To determine the best choice of a family member to run the business, the current senior owners should consider applying the following seven common-sense steps:
Determine if any of the next generation of children are interested in working in, and more importantly, managing the business.
Decide which one of the children interested has the best skill sets to actually manage the business. This might require outside assistance from trusted advisors or business consultants to determine which child is best suited. Enlisting outside help will eliminate any biases the senior generation might have for — or against — certain offspring.
If more than one individual is interested, and despite assessing the skill sets, a hasty decision should not be made as to a definitive successor. The planning for succession should start many years before the actual need for a successor to take over. If there is more than one viable successor, all such potential successors should be given the opportunity to win the job. This is no different than the process that often happens in publicly held companies and in many large private businesses. Each qualified, viable candidate should be allowed to fill a position at the company and to progress up the ladder of management.
If possible, positions held within the company by the candidates should be rotated so that the candidates can gain experience in many areas of the operation of the business. Not only will this better groom the ultimate future leader but it will provide depth to the management team (assuming there is more than one candidate).

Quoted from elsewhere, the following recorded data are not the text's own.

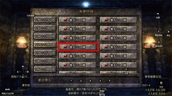 3、在区组分类下,选择具体的服务器,如复古11394服。
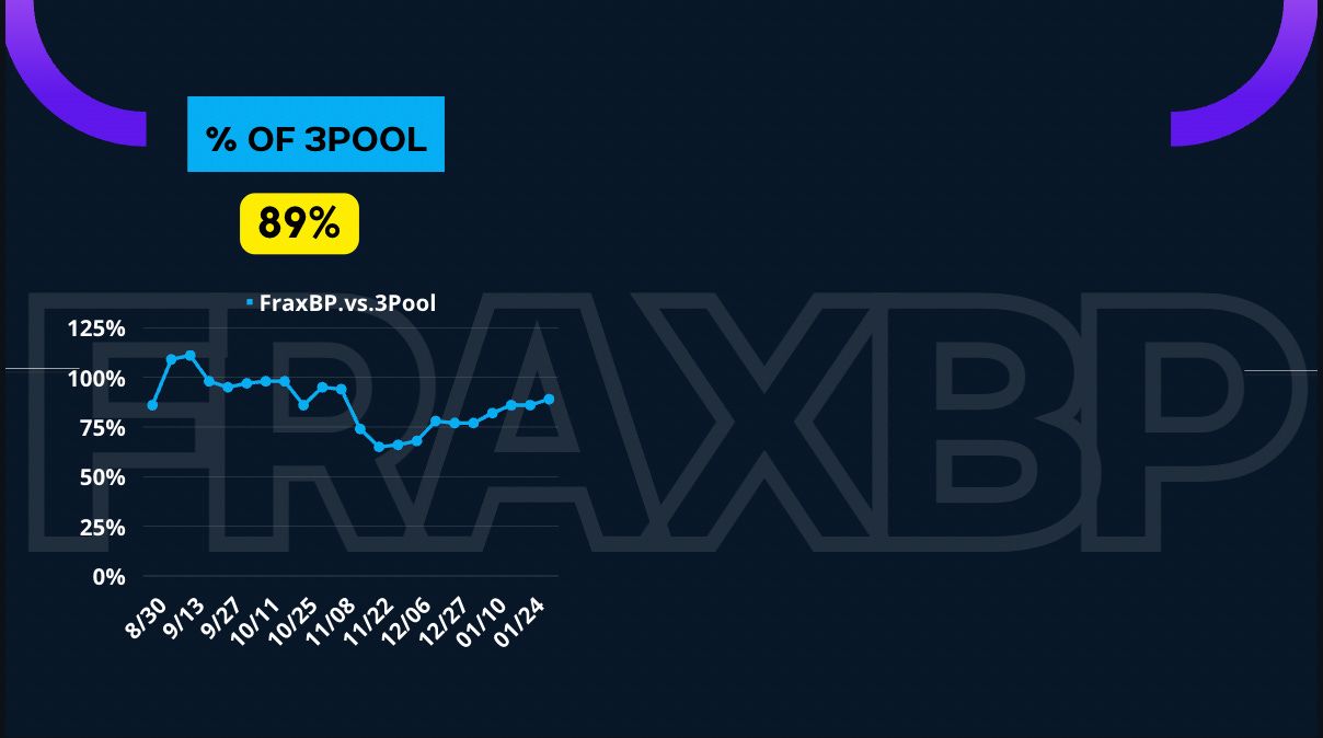 Okay.  Quick summary Health Check.  Peg Good.  Curve Swap unchanged  Collat % could be better been stagnant.  Decent % may be in a reversal to the upside but we’re stalling a bit.  Next, we have the FraxBP product, which imo is sort of like liquidity as a service.
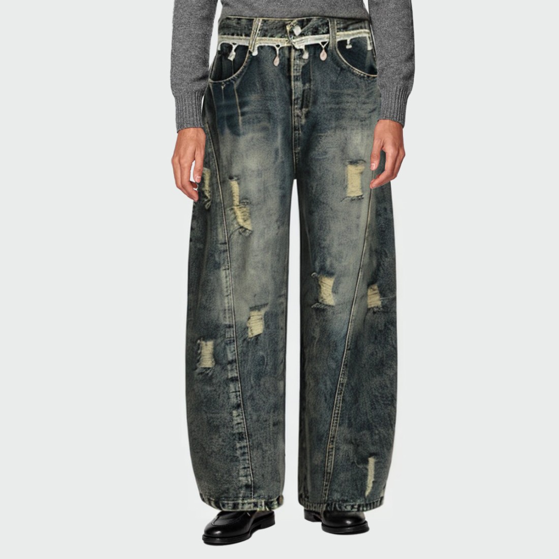 Distressed Hole Details: Stylishly distressed holes create a casual, street-inspired look.
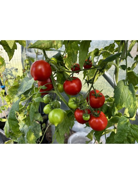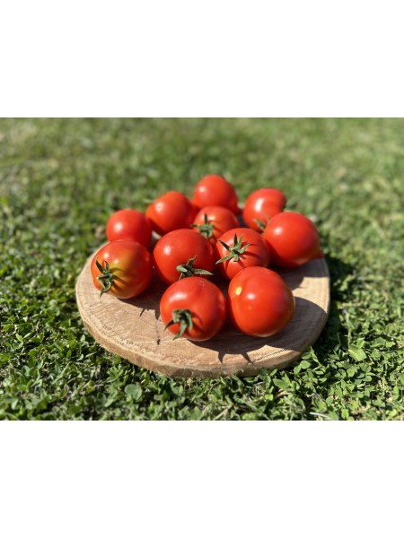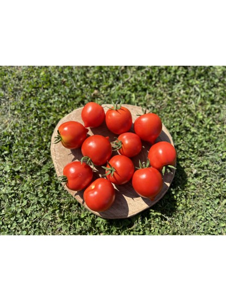 Les fruits, de petit calibre, sont de couleur rouge écarlate et présentent une forme ovale avec un petit téton caractéristique. Ils sont portés en grappes abondantes, ce qui en fait une variété idéale pour les cultures familiales ou les petits jardins. La chair est douce, parfumée et légèrement farineuse, offrant une saveur agréable sans acidité prononcée. Ces tomates sont particulièrement appréciées pour les apéritifs ou en salade.

After a reasonable period of time, the "decision team" should select the best candidate and meet with him or her to discuss expectations, compensation, contract terms (a contract is recommended) and other terms of employment and position.
If there were multiple candidates, then owners should meet with the candidate(s) not selected to become the CEO. There will be more decisions to be made here. Is the candidate going to stay on with the company in some executive position? If so, that requires making sure that the individual is going to be able to work as a team (with the CEO and the other candidate or candidates). If it is not in the interest of the company for multiple candidates to remain at the company, those discussions will be required. Do not make the mistake of keeping a candidate with the company simply because he or she is a family member. If the individual is not a fit for the company or cannot work together with the selected CEO as a team, the company is better off terminating the relationship sooner than later.
Current management needs to develop a well-communicated plan of the transition of power to the newly selected CEO. This might take place in a period of a few months or even over a period of years. Regardless, lines of authority, decision making, etc. need to be clearly delineated during this transition period.
The transition of operating control of a business can be difficult. It requires planning, discipline and communication. Once a plan is implemented, it should be adhered to strictly unless there are extenuating circumstances. Your professional advisers have the experience and skill in these types of situations so reliance on them to assist in the process can be an effective way to help make it a success.